The current hardware is a large computer board, but the team says the hardware could shrink to the size of a chip for implantation on the patient’s skull. This chip will communicate wirelessly with intracranial electrodes, which are also being designed.
“Three years ago, the project was basically an idea,” says Erik Biegert, an electrical engineering student. “About one-third of the three million epilepsy patients in the United States don’t respond to anti-seizure medications. The only option left for those patients is to undergo surgery to remove the part of the brain that is the issue; we hope to replace that option with something a lot less invasive.”
“In terms of next steps, I think that what mostly needs to be done is work on how the device is actually going to interact with the input electrodes and how it would pass on its output to actual neurostimulators,” says Randy Zhang, a senior electrical engineering major.
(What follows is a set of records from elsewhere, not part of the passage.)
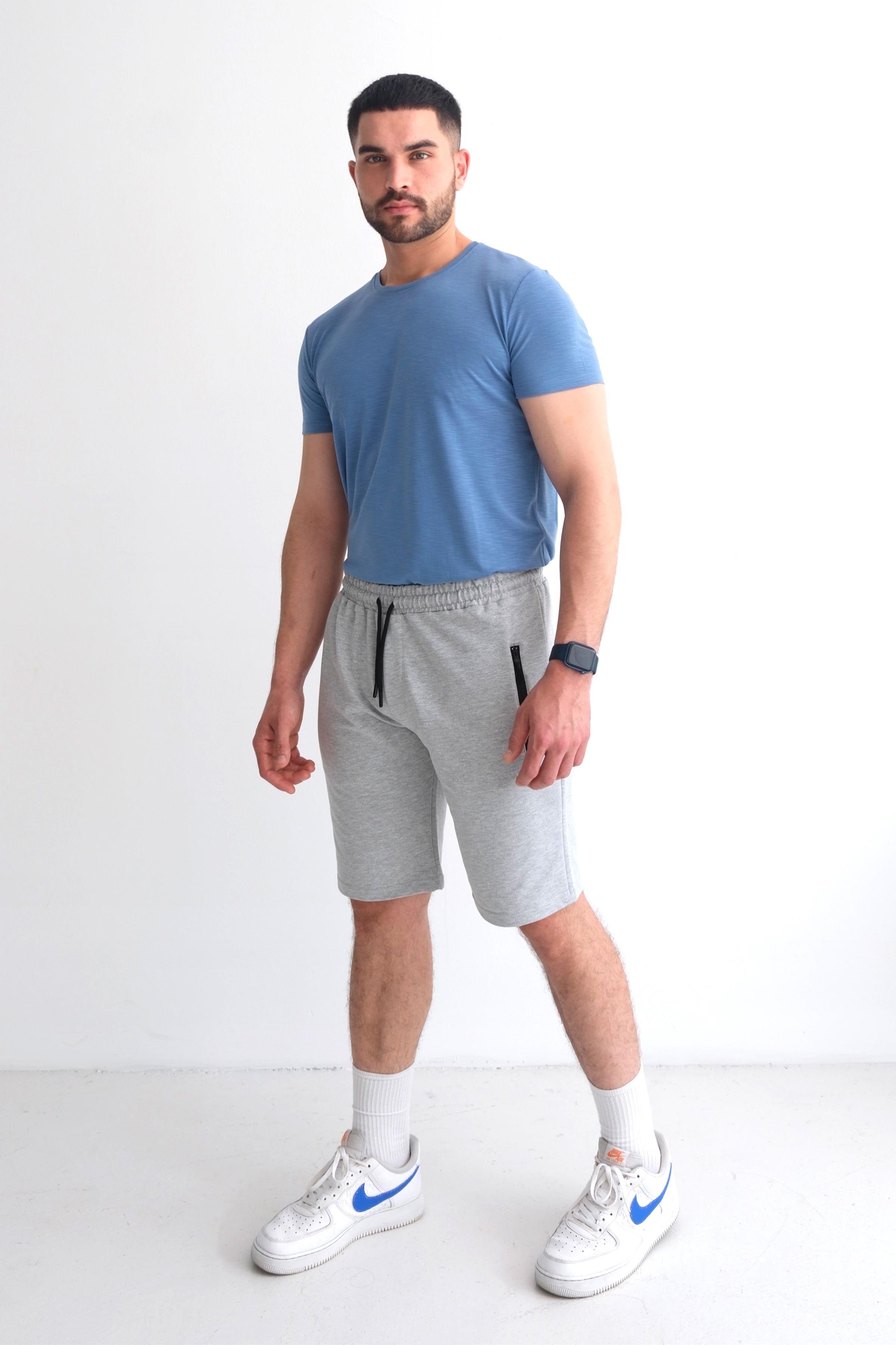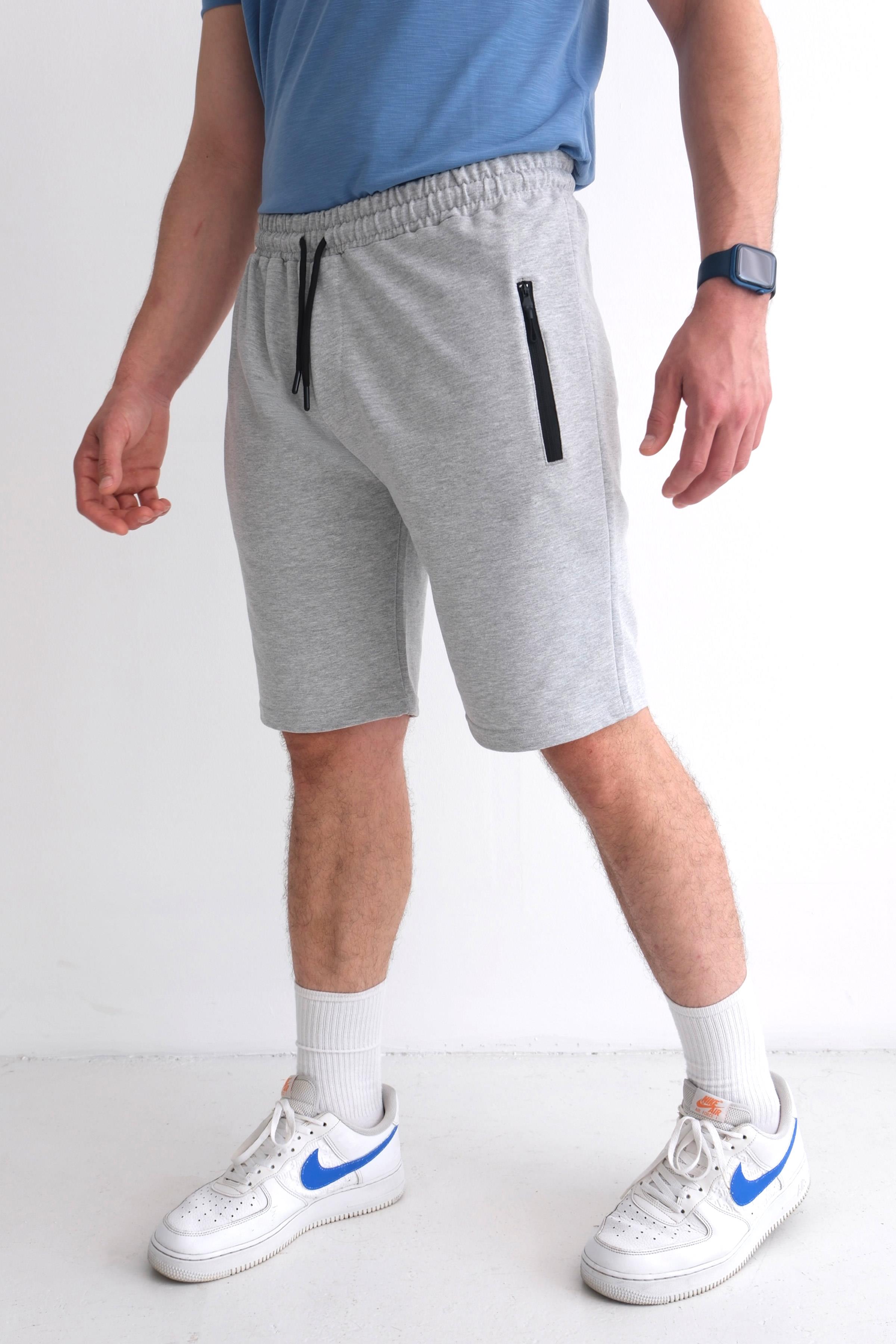 Men’s Relax Fit Cotton Shorts, Elastic Waist, Zip Pockets - Heather Grey (Y-25-7742)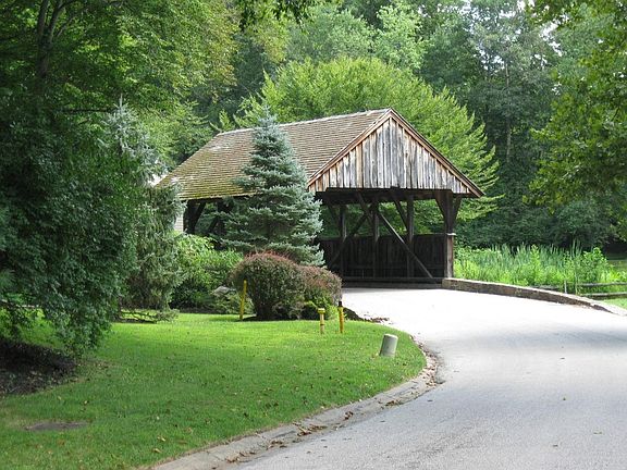 Serene views are desirable features of this Spacious and Updated Rancher in Waterview Farms. Located on a cul-de-sac adjacent to a covered bridge adding an historic charm to the neighborhood! Natural sunlight is abundant in this home with bay windows in the dining room and kitchen, though its wooded lot provides privacy. The foyer separates the living room and dining room, but directs you to the "open concept" kitchen and family room. The kitchen has beautiful cherry cabinets - the appliances have been updated. The family room features a brick fireplace offering the convenience of gas logs and sliders provide access to the beautiful heated pool and deck areas - inviting one to relax and enjoy the outdoors. The Main bedroom and Main bath are away from the gathering center of the home. Three additional bedrooms - each with double closets - and a tiled hall bath with double vanity sinks are also located on the main level. The two car garage has an insulated door and provides access to attic storage - the length of the house! If you are looking for a super space for entertaining - look no further! In addition to the Recreation Area, the lower level has features you will appreciate including lots of storage closets, a bedroom, a bath, an office, a huge laundry room, and a utility room. The side door offers convenient access to the pool/deck areas. Two sheds allow for storage of landscape, pool, and deck items. The beautiful landscaping is accented with lighting in the evenings. Some updated features: 2016 - 40 gal Water Heater, 2014 - pool updates, SGD, and roof, 2007 - HVAC, 2001 - siding and gutters. Upon viewing this property, I am sure you will agree that it has been very well maintained! The square footage noted includes the finished lower level but has not been verified.*fountain near pool entrance to be excluded.
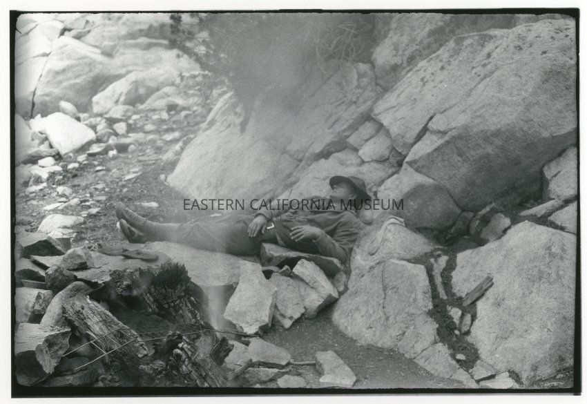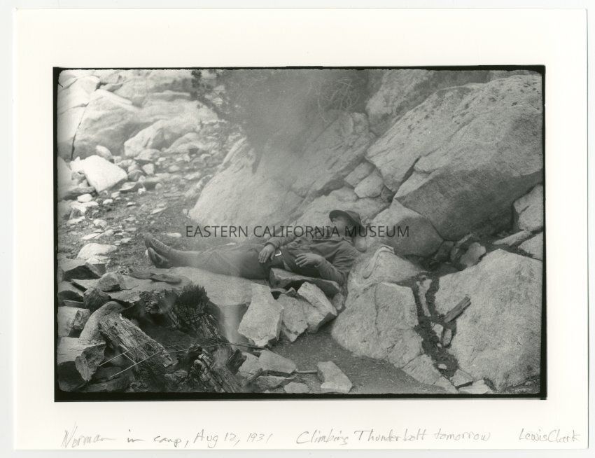 B/W art print on heavy bond paper of Norman Clyde resting or asleep by a campfire the day before climbing Thunderbolt, August 12, 1931. The original photo was taken by Lewis Clark.Collection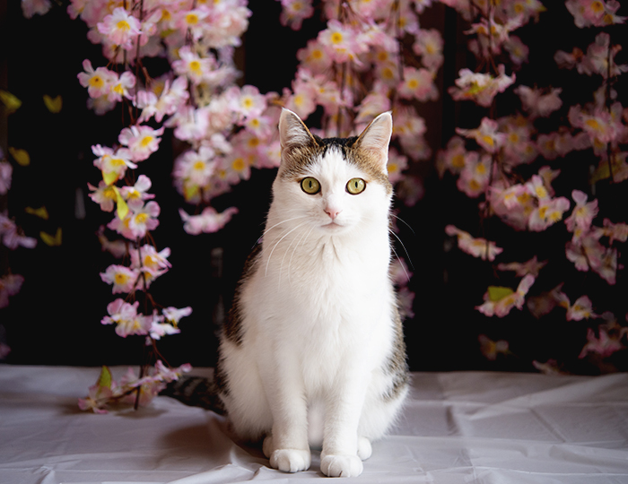 以前はこの造花の桜もかなり怖がっていたけど、今回は平気だった。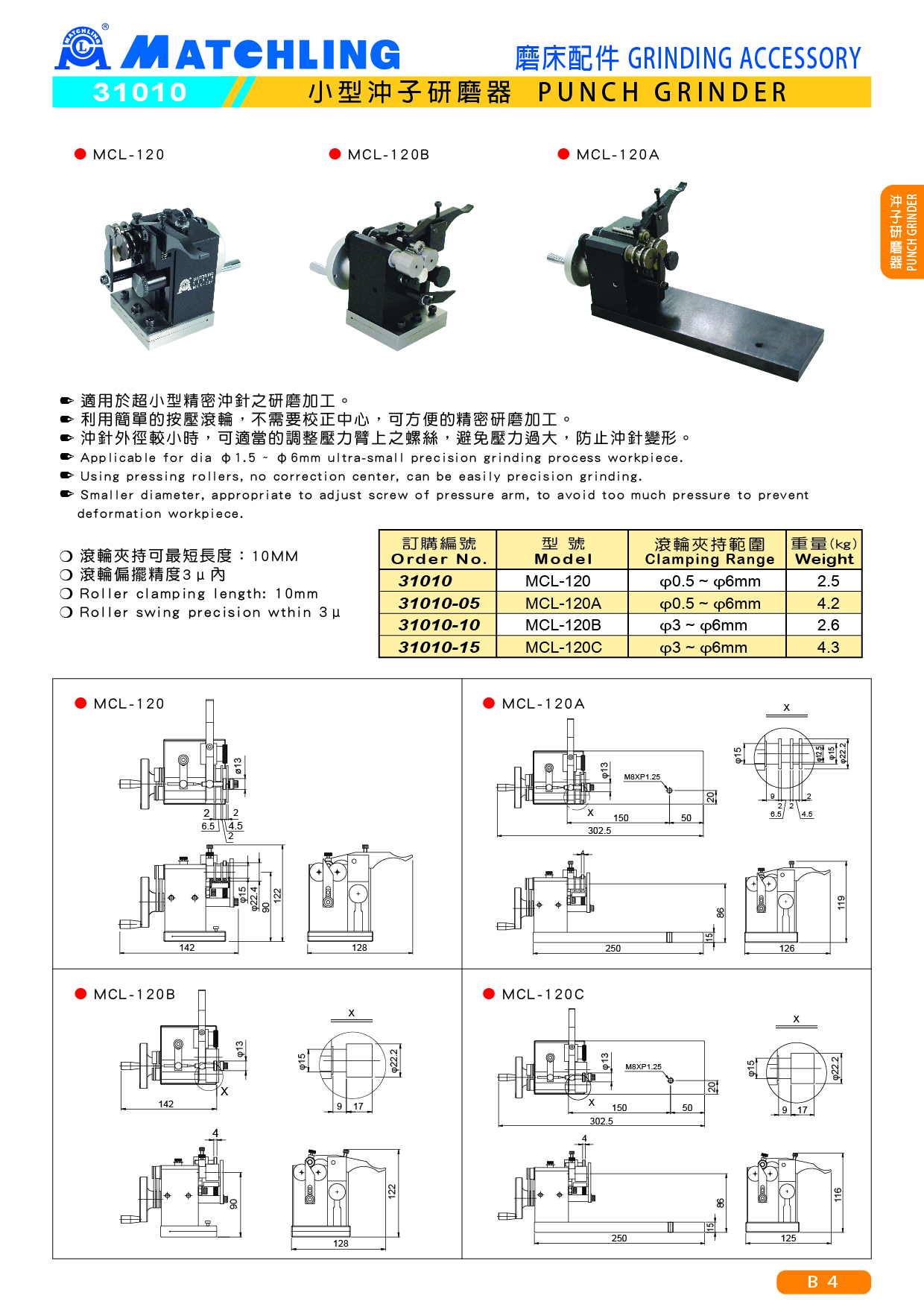 | 31010 | MCL-120 | φ0.5 ~ φ6mm | 2.5 |

Zhang says the team is preparing an academic paper on the project.
“What we really focused on this year was to create the processing unit and all of the machine learning intelligence that can make this happen. On a higher level, the next steps could be to flesh out the design and move it onto a silicon chip so it can be created into an actual device,” he adds.
“This is a work in progress, and we’re just scratching the surface,” says the team’s faculty adviser Behnaam Aazhang, a professor of electrical and computer engineering. “This is at least three to five to seven years away from a product that could begin the clinical trials process, and then there is forming a business partnership, along with the whole FDA approvals process.”
The project is part of Rice’s Vertically Integrated Projects (VIP) program. The National Science Foundation is the sponsor of the broader research project that underlies VIP. Nitin Tandon, a neurosurgeon at University of Texas Health Science Center at Houston and co-principal investigator of the NSF project, provided real intracranial patient seizure data for the project as well as technical advice and specifications.